EXERCISE DETAILS:
Could you restate, exactly and with nothing added, the lines from the start of the data through the line that holds "Όπως φαίνεται και", leaving the pictures out?

┌─ THE RECORDS

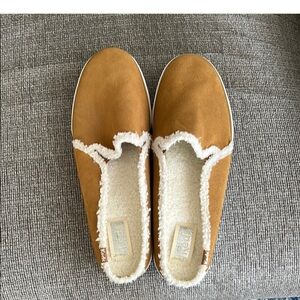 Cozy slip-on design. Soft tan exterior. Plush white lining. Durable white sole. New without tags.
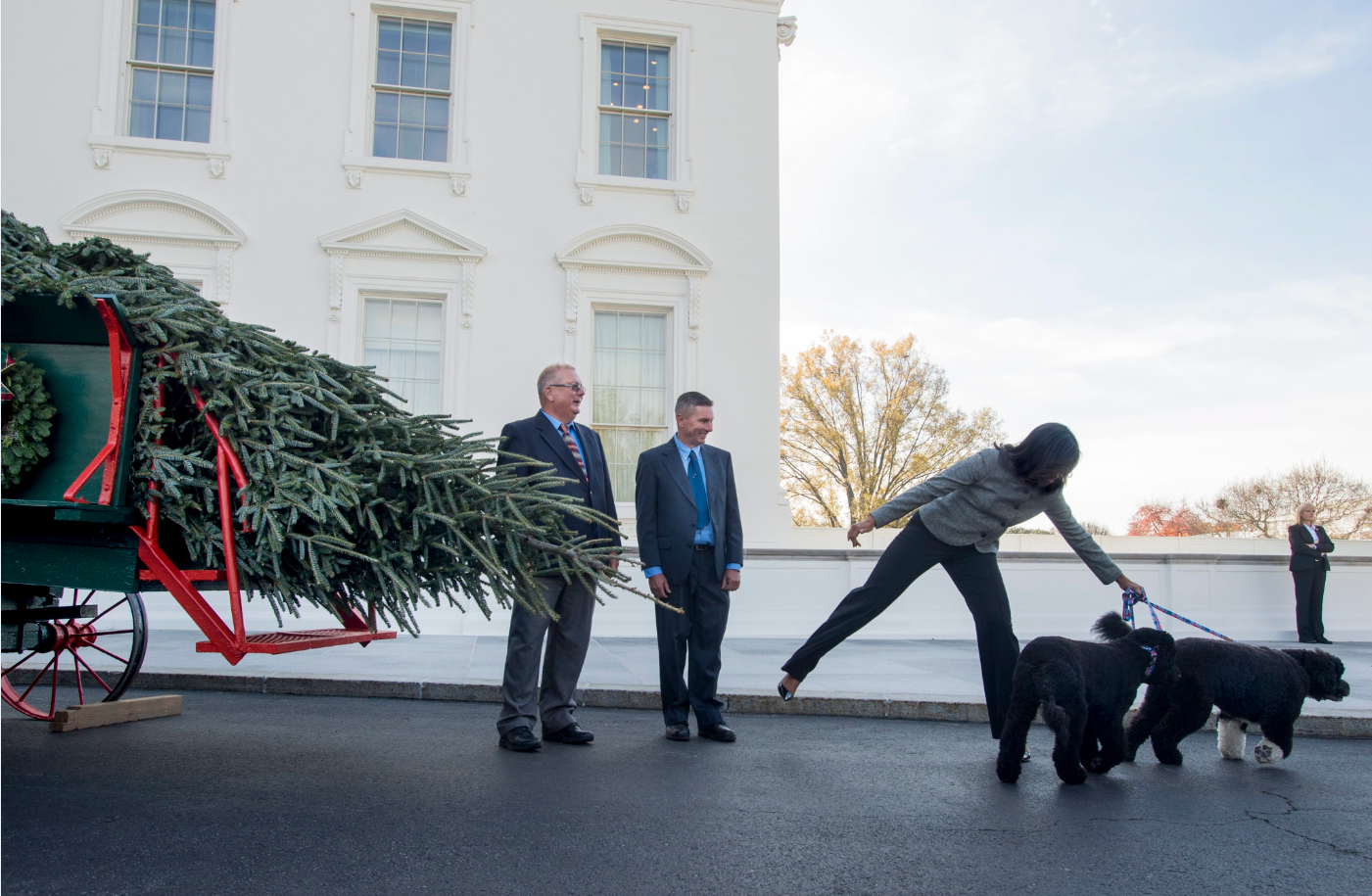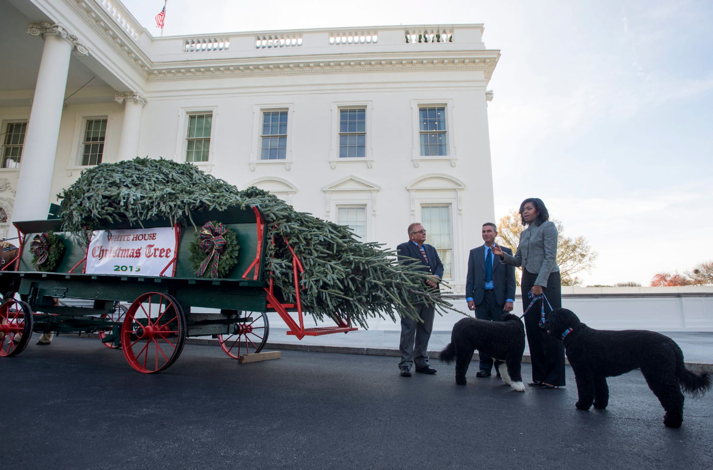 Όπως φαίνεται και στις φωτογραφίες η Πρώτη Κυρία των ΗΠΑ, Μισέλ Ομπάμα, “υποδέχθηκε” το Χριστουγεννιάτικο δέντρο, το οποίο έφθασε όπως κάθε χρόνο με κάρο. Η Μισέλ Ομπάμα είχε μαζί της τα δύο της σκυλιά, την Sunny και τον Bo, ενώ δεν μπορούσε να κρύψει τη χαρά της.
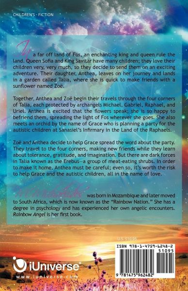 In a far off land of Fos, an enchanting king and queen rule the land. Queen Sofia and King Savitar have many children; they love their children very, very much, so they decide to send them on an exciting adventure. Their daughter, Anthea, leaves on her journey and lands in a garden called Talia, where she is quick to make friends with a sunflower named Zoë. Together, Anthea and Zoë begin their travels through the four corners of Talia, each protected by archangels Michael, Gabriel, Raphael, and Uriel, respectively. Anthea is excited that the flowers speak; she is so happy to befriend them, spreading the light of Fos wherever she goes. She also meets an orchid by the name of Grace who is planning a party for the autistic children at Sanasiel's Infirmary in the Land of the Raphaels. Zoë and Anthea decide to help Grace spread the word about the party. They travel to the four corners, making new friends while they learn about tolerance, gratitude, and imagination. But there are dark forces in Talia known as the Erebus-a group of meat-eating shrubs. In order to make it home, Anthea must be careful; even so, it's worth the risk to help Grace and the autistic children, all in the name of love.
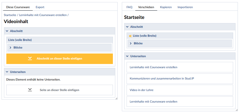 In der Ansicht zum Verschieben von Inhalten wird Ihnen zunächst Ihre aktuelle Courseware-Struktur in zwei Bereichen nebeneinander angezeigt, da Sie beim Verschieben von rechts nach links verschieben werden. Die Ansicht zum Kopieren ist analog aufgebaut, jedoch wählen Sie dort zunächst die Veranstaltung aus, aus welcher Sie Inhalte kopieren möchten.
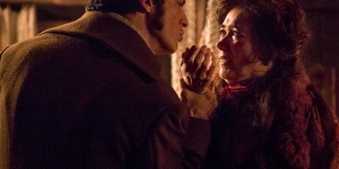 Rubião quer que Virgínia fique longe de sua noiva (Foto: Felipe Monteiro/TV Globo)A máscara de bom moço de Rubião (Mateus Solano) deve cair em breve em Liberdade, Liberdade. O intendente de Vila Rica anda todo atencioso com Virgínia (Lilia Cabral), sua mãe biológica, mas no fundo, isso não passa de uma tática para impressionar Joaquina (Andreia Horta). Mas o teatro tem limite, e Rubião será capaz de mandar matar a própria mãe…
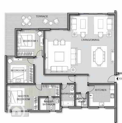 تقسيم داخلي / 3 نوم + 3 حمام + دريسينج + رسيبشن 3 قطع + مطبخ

└─

ANSWER TO THE EXERCISE:
 Cozy slip-on design. Soft tan exterior. Plush white lining. Durable white sole. New without tags.
 Όπως φαίνεται και στις φωτογραφίες η Πρώτη Κυρία των ΗΠΑ, Μισέλ Ομπάμα, “υποδέχθηκε” το Χριστουγεννιάτικο δέντρο, το οποίο έφθασε όπως κάθε χρόνο με κάρο. Η Μισέλ Ομπάμα είχε μαζί της τα δύο της σκυλιά, την Sunny και τον Bo, ενώ δεν μπορούσε να κρύψει τη χαρά της.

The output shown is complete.